# Modelo 720 now an annual event?



## JaneyO (Sep 24, 2012)

Sorry to bring up this well worn subject again but I'm a bit puzzled. I understood originally it was a one- off declaration and if nothing changed you didn't have to do another one next year. I heard conflicting info, if things 'changed' by more than 20,000 you did, or things 'increased' by more than 20.000 you did. So far so confusing. Went to the gestor this week to do renta and asked him if he thought we would need to do another 720 next year, he said 'now' they want one every year regardless. I told him what I'd understood and he said no, it's every year. Wondered if anyone else has heard this. Is he wrong or have things indeed changed- again- or maybe he justs wants yearly fees???


----------



## 90199 (Mar 21, 2010)

The chap I used told me that you only need to do another if it increases by 20,000€


----------



## Aron (Apr 30, 2013)

JaneyO said:


> Sorry to bring up this well worn subject again but I'm a bit puzzled. I understood originally it was a one- off declaration and if nothing changed you didn't have to do another one next year. I heard conflicting info, if things 'changed' by more than 20,000 you did, or things 'increased' by more than 20.000 you did. So far so confusing. Went to the gestor this week to do renta and asked him if he thought we would need to do another 720 next year, he said 'now' they want one every year regardless. I told him what I'd understood and he said no, it's every year. Wondered if anyone else has heard this. Is he wrong or have things indeed changed- again- or maybe he justs wants yearly fees???

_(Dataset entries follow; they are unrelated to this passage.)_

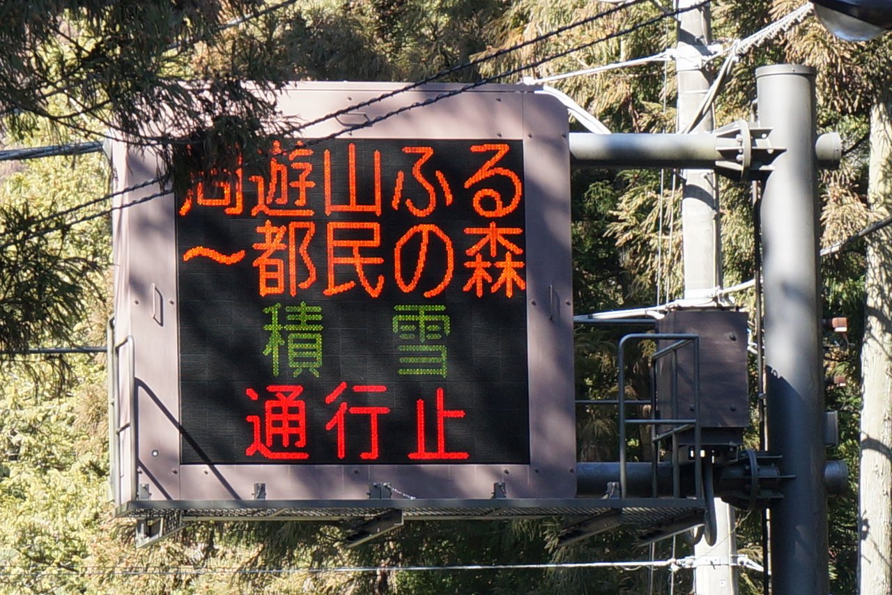 途中にあった電光掲示板。どうやら風張峠は先日の降雪の影響で通行止めのようです。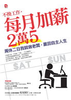 根據這樣的想法所寫的《不必辭職,每月加薪2萬5》這本書,滿載各式各樣創業所需要了解的情報跟專業知識。身為創業顧問、企業經營者的我,並沒有因為任何的妥協而留一手。請各位讀者,跟著我一起去開啟創業的大門吧!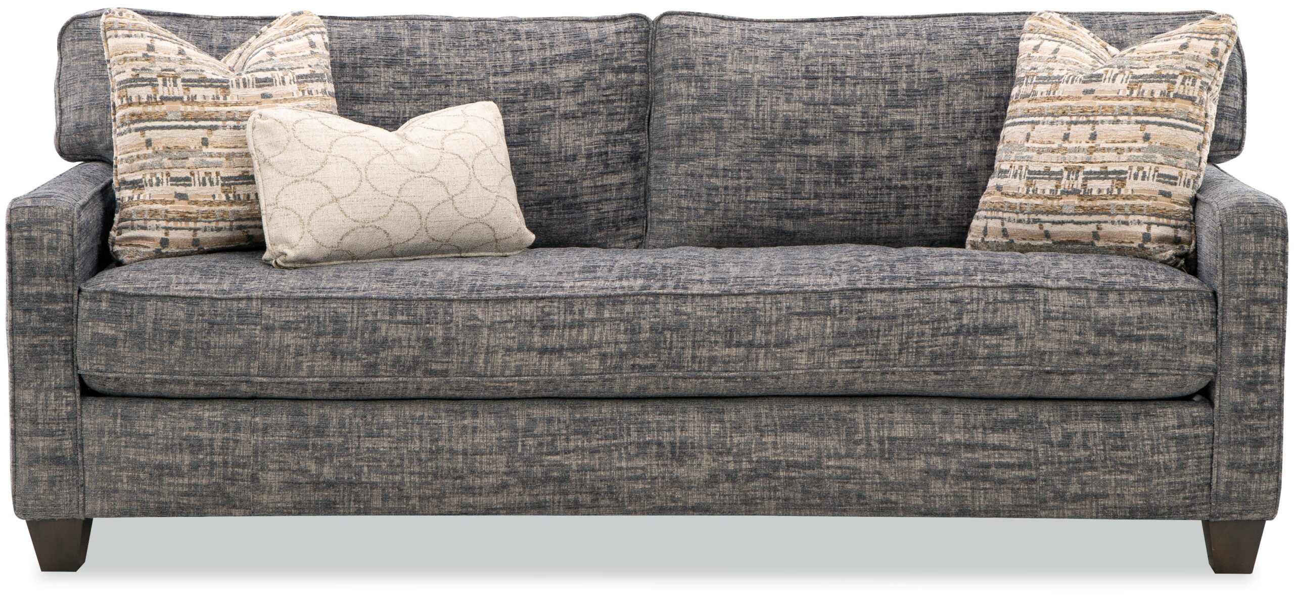 This piece seamlessly blends a minimalist look with the plushest seating we offer to give you the best of both worlds. Featuring welted track arms, simple tapered legs and loose box border backs, this sofa incorporates our Super Soft Blend Down seat cushion and backs as well as Luxdown toss pillows for billowy soft feel. Also available with 3 seats or 2 seats in 80″ and 86″ lengths. Also available are the matching loveseat, chair, ottoman and 77″ 2-seat queen sleeper. Also available with a removable slipcover as style 9374.

We shall have to wait and see when next year comes. There is no hard and fast rule when it comes to taxation, it changes every year in every country. It is no secret that the government was disappointed with the low percentage of those that declared assets. It may transpire that a new form of declaring might appear next year. None of us really know. I understand what Hepa said as I thought the same originally. After the new year I shall email my gestor and ask. The answer will either be yes or no. Until then we all have a summer to enjoy along with the obligatory fiestas.


----------



## villamarre (Oct 19, 2012)

We were told that there is no obligation to supply information in subsequent tax years unless the amount increases by 20,000€ and i've just read the same info on spanish tax office site see link 


***.agenciatributaria.es/AEAT.internet/Inicio_es_ES/La_Agencia_Tributaria/Campanas/Declaraciones_informativas_2012/_INFORMACION/Ayuda/Preguntas_frecuentes__Modelo_720/Frecuencia_en_la_presentacion_de_la_declaracion.shtml]Agencia Tributaria - Preguntas frecuentes: Modelo 720[/url]

Una vez presentada la declaración del Modelo 720 respecto de una o varias de las obligaciones de información contenidas en el mismo (a la que se hace referencia en la pregunta nº 1), solamente deberá volver a presentarse este Modelo, cuando en relación con una o varias de estas obligaciones se produzca un incremento del límite conjunto establecido para cada bloque de información superior a 20.000 euros respecto del que determinó la presentación de la última declaración.


----------



## JaneyO (Sep 24, 2012)

villamarre said:


> We were told that there is no obligation to supply information in subsequent tax years unless the amount increases by 20,000€ and i've just read the same info on spanish tax office site see link
> 
> 
> ***.agenciatributaria.es/AEAT.internet/Inicio_es_ES/La_Agencia_Tributaria/Campanas/Declaraciones_informativas_2012/_INFORMACION/Ayuda/Preguntas_frecuentes__Modelo_720/Frecuencia_en_la_presentacion_de_la_declaracion.shtml]Agencia Tributaria - Preguntas frecuentes: Modelo 720[/url]
> ...


Well that's what I thought originally, thanks for that will print it out and present it to him. Am going to take the advice above and give my poor brain a rest from all this for a few months!


----------